Auf der Erde, dem siebten Planeten, trifft der kleine Prinz zuerst eine kluge, ihm wohlgesinnte Giftschlange. Sie bietet an, ihm bei der Rückkehr auf seinen Planeten zu helfen. Der Prinz versteht, dass diese Hilfe in einem tödlichen Biss besteht, auch wenn die Schlange es freundlich und rätselhaft ausdrückt. Dann durchquert er die Wüste und begegnet dem Fuchs. Dieser erklärt ihm das Geheimnis einer einzigartigen Bindung: „Man kennt nur die Dinge, die man zähmt" und „Du bist zeitlebens für das verantwortlich, was du dir vertraut gemacht hast." Schließlich verrät er ihm: „Man sieht nur mit dem Herzen gut. Das Wesentliche ist für die Augen unsichtbar."
Inzwischen ist das Trinkwasser des Erzählers aufgebraucht. Gemeinsam suchen und finden die beiden einen Brunnen. Der kleine Prinz deutet erneut an, dass er durch seinen Tod zu seiner Blume zurückkehren kann. Er erkennt, dass seine Blume das Einzige ist, was er wirklich liebt. Er drängt den Erzähler, sein Flugzeug fertig zu reparieren. Als die Maschine startklar ist, kehrt der Erzähler zum Brunnen zurück und erfährt, dass der kleine Prinz sich mit der Giftschlange verabredet hat, um sich beißen zu lassen und so auf seinen Planeten zurückzukehren. Auch der Erzähler kehrt in seine Welt zurück, bittet die Leser aber, ihm bei der weiteren Suche nach dem kleinen Prinzen zu helfen.
Stil↑
Erzählt wird in der Form eines modernen Kunstmärchens. Der namenlose Ich-Erzähler verbindet seine eigene Geschichte mit den Berichten des Prinzen. So greifen die Begegnung in der Wüste und die fremden Planeten ineinander. Die Sprache ist schlicht und bildhaft. In ihrer Einfachheit richtet sie sich an Kinder wie an Erwachsene zugleich.

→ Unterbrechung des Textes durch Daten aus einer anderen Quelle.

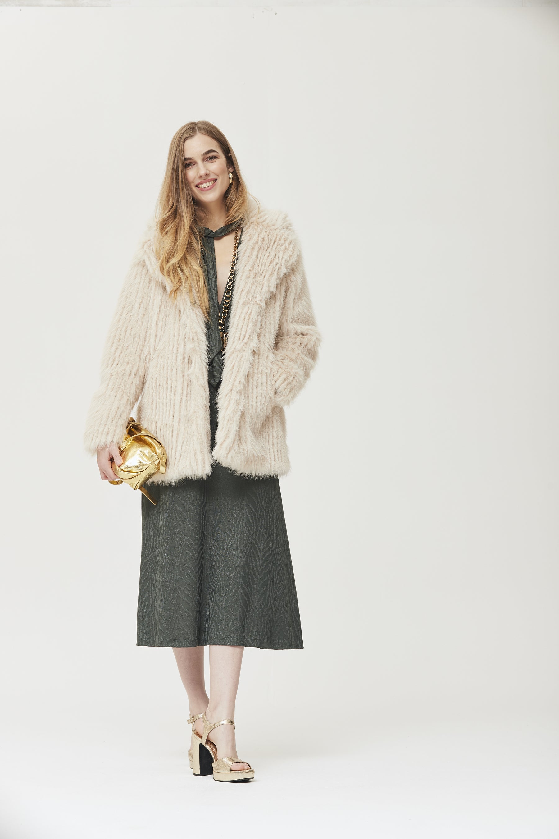 Lange jurk gemaakt van zachte, rekbare, flesgroene jacquardjersey met zebraprint. Het ontwerp heeft een diepe V-hals, een halterstrik en lange, getailleerde mouwen en combineert verfijning met comfort. De A-lijn flatteert het figuur en zorgt voor bewegingsvrijheid, terwijl de gebreide stof de hele dag comfort biedt. Perfect voor speciale gelegenheden of een casual urban look met gouden accessoires en hakken.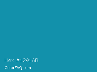 Hex #1291ab Color is a normal cyan color and the nearest color is Eastern Blue #1e9ab0. Hex code #1291ab and RGB value is rgb(18,145,171). In RGB color space, this color is composed of 7% red, 57% green, 67% blue, In CMYK color space, this color is composed of 89% cyan, 15% magenta, 0% yellow , 33% black , In HSL color space, this color has a hue angle of 190° , 81% saturation and 37% lightness.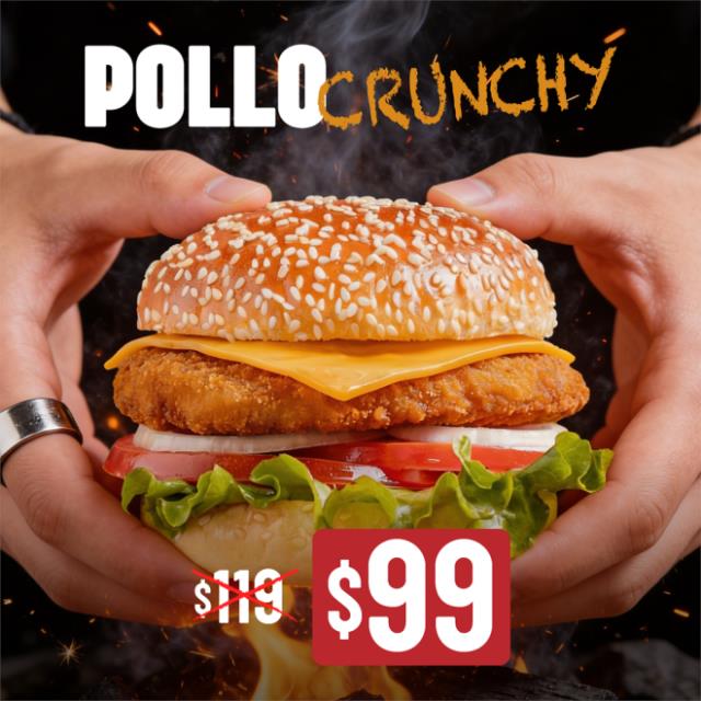 Hamburguesa de pollo crunchy de 125 g con queso fundido, acompañada de lechuga, jitomate y cebolla. Puedes pedirla bañada en Aderezo BBQ o Habanero.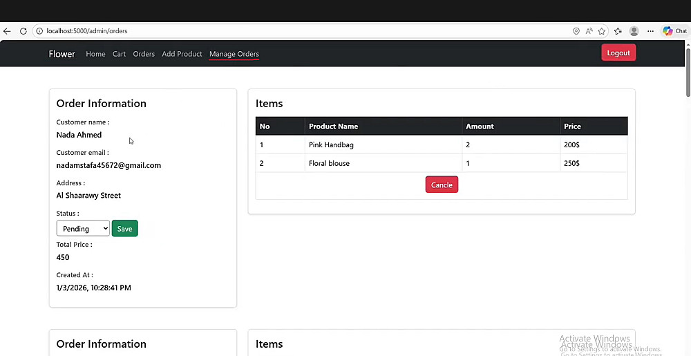 - لوحة تحكم للإدارة لإدارة المنتجات والطلبات

Eine Besonderheit ist, dass Saint-Exupéry seine Erzählung mit eigenen Illustrationen versah. Bilder und Text gehören untrennbar zusammen. Schon die anfängliche Zeichnung der Schlange, die wie ein Hut aussieht, macht das Sehen selbst zum Thema. Wiederkehrende Wendungen und einprägsame Sätze wie der vom Sehen mit dem Herzen verleihen dem Werk seinen sprichwörtlichen, fast spruchhaften Ton.
Rezeption↑
Die Erzählung wurde zum bekanntesten Werk ihres Autors. Sie ist aus sehr unterschiedlichen Blickwinkeln gedeutet worden. Einige Ausleger stellen den Gegensatz zwischen der Weltsicht des Kindes und der des Erwachsenen heraus. Andere sehen in den Bewohnern der Planeten die menschliche Unfähigkeit, selbst erkannte Fehler zu ändern. Wieder andere lesen das Werk als Rückkehr zu den Tugenden der Freundschaft, der Liebe und der Menschlichkeit, die das Leben lebenswert machen. In der gesellschaftskritischen Stimmung der 1970er Jahre wurde dagegen kritisiert, dass das Buch eine bürgerliche Gesellschaft positiv zeichne. Psychologische und religiöse Deutungen kamen hinzu. So wurden Anklänge an das Leben Jesu und das Bild einer christusähnlichen Lichtgestalt herausgestellt.
Die Nachwirkung zeigt sich auch in zahlreichen Bearbeitungen für andere Künste. Der Stoff wurde mehrfach verfilmt, darunter als Animationsfilm. Er wurde außerdem für Theater, Comic und Bühnenmusik bearbeitet.